▶ WHAT IS NEEDED: What you return must match the listing below character for character, minus any pictures.

▶ SUPPLIED INFORMATION:
━━━
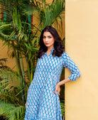 Color: Soft blue base adorned with intricate white block-printed motifs, exuding a serene and timeless charm
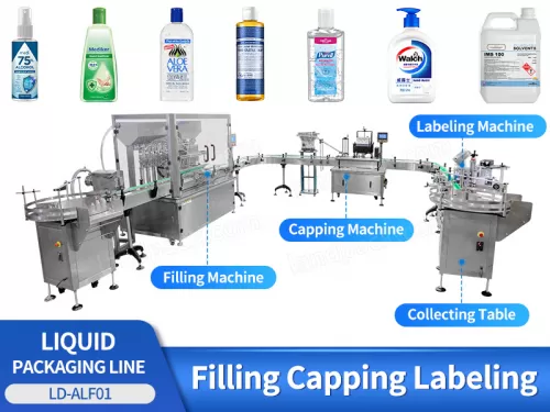 This filling line is suitable for automatic filling, capping and labeling of various liquid products. Round, flat, square and other shaped bottles, cans, boxes and jas.
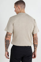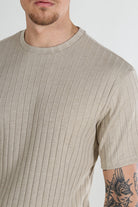 - Met geribbelde randen aan de zoom en mouwen.
━━━
▶ RESULT OF THE TASK:
 Color: Soft blue base adorned with intricate white block-printed motifs, exuding a serene and timeless charm
 This filling line is suitable for automatic filling, capping and labeling of various liquid products. Round, flat, square and other shaped bottles, cans, boxes and jas.
 - Met geribbelde randen aan de zoom en mouwen.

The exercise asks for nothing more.